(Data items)

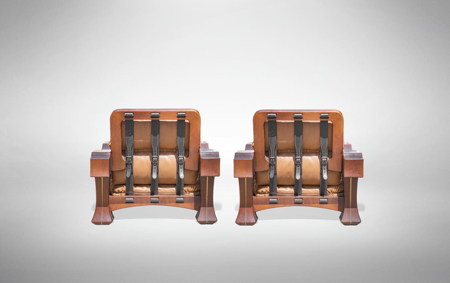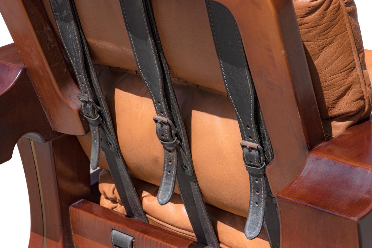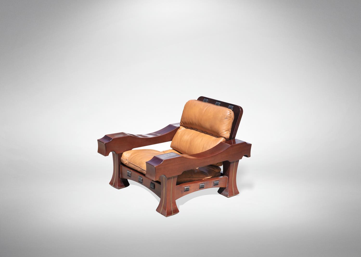 Il set è composto da un divano e 2 poltrone. Interamente in mogano, realizzato in legno e pelle.
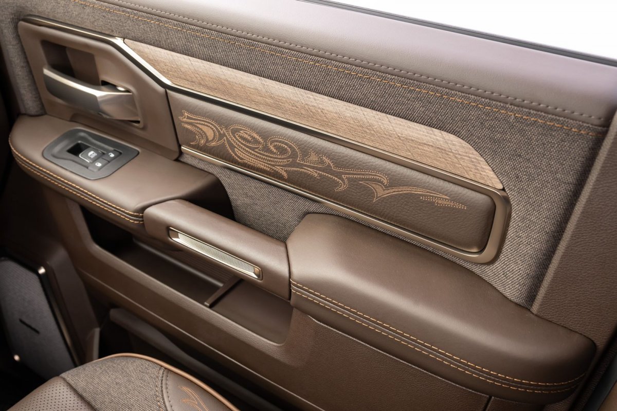 Entre os itens estão bancos em couro com acabamento exclusivo, aplicação de madeira na cabine e retrovisor digital com múltiplas visualizações, útil em situações de reboque, itens já conhecidos na linha RAM.
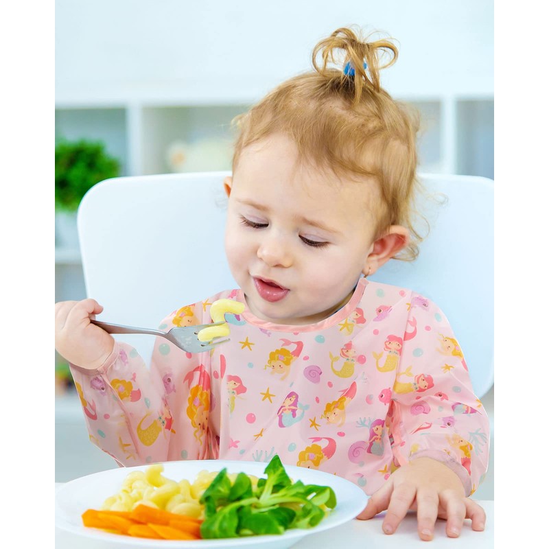 - Ultimate Spill and Debris Protection: The toddler bibs feature long sleeves and a wide, deep catch-all pouch, ensuring full coverage for crumbs, spills and debris. With these bibs, you can always keep your baby clean, dry, and mess-free.
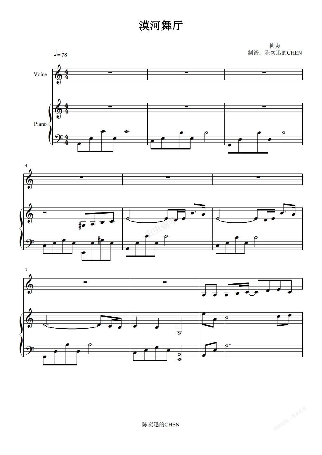 鋼琴譜:漠河舞廳C調彈唱譜【簡單好聽】
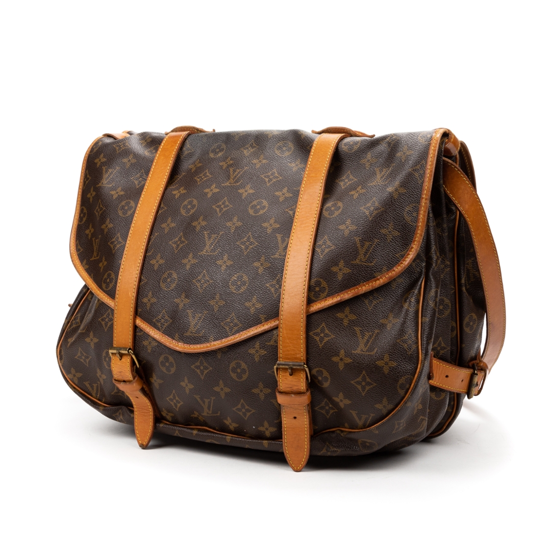 A vintage Louis Vuitton monogram coated canvas Saumur Double Straps bag with a certificate of authenticity, Approximately 33cm height, 35cm width.
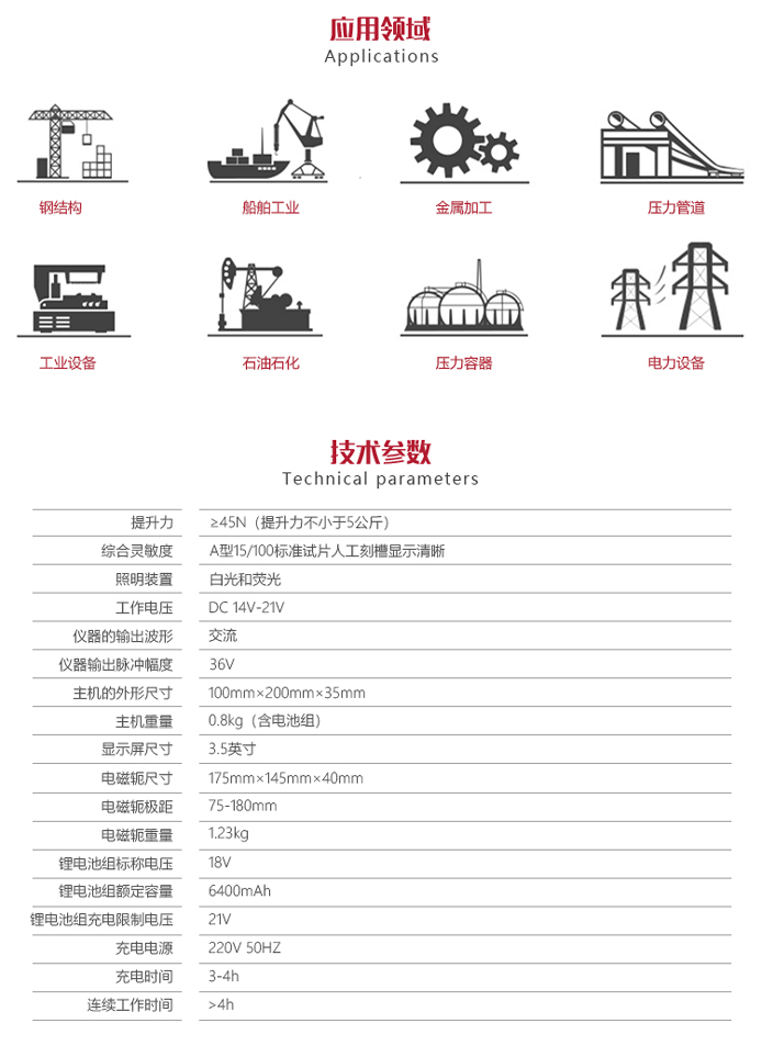 飛機制造、鍋爐壓力容器、電力、油田、造船、汽輪機和內(nèi)燃機配件、煤礦、機械、標(biāo)準(zhǔn)件、油泵油嘴、汽車零件、造橋、化工、鐵路、大型機械零部件、鋼結(jié)構(gòu)設(shè)備等行業(yè)產(chǎn)品;因鍛壓、淬火、焊接、疲勞等引起的表面及近表面缺陷,如鏈桿、曲軸、軸承、高強度螺栓、彈簧、鍛件、石化管件、閥門、葉片、齒輪、錨鏈以及焊縫等幾何形狀復(fù)雜的工件等。
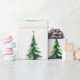 Elegant modern watercolor Christmas design featuring a single green pine tree with subtle winter accents like snowflakes, gold stars, and pinecones. Perfect for wrapping paper, stickers, and gift tags. Clean and minimalist design ideal for holiday gifting and seasonal decor.

WHAT IS EXPECTED:
Leave out the pictures and retype every line above exactly.

FINAL ANSWER:
 Il set è composto da un divano e 2 poltrone. Interamente in mogano, realizzato in legno e pelle.
 Entre os itens estão bancos em couro com acabamento exclusivo, aplicação de madeira na cabine e retrovisor digital com múltiplas visualizações, útil em situações de reboque, itens já conhecidos na linha RAM.
 - Ultimate Spill and Debris Protection: The toddler bibs feature long sleeves and a wide, deep catch-all pouch, ensuring full coverage for crumbs, spills and debris. With these bibs, you can always keep your baby clean, dry, and mess-free.
 鋼琴譜:漠河舞廳C調彈唱譜【簡單好聽】
 A vintage Louis Vuitton monogram coated canvas Saumur Double Straps bag with a certificate of authenticity, Approximately 33cm height, 35cm width.
 飛機制造、鍋爐壓力容器、電力、油田、造船、汽輪機和內(nèi)燃機配件、煤礦、機械、標(biāo)準(zhǔn)件、油泵油嘴、汽車零件、造橋、化工、鐵路、大型機械零部件、鋼結(jié)構(gòu)設(shè)備等行業(yè)產(chǎn)品;因鍛壓、淬火、焊接、疲勞等引起的表面及近表面缺陷,如鏈桿、曲軸、軸承、高強度螺栓、彈簧、鍛件、石化管件、閥門、葉片、齒輪、錨鏈以及焊縫等幾何形狀復(fù)雜的工件等。
 Elegant modern watercolor Christmas design featuring a single green pine tree with subtle winter accents like snowflakes, gold stars, and pinecones. Perfect for wrapping paper, stickers, and gift tags. Clean and minimalist design ideal for holiday gifting and seasonal decor.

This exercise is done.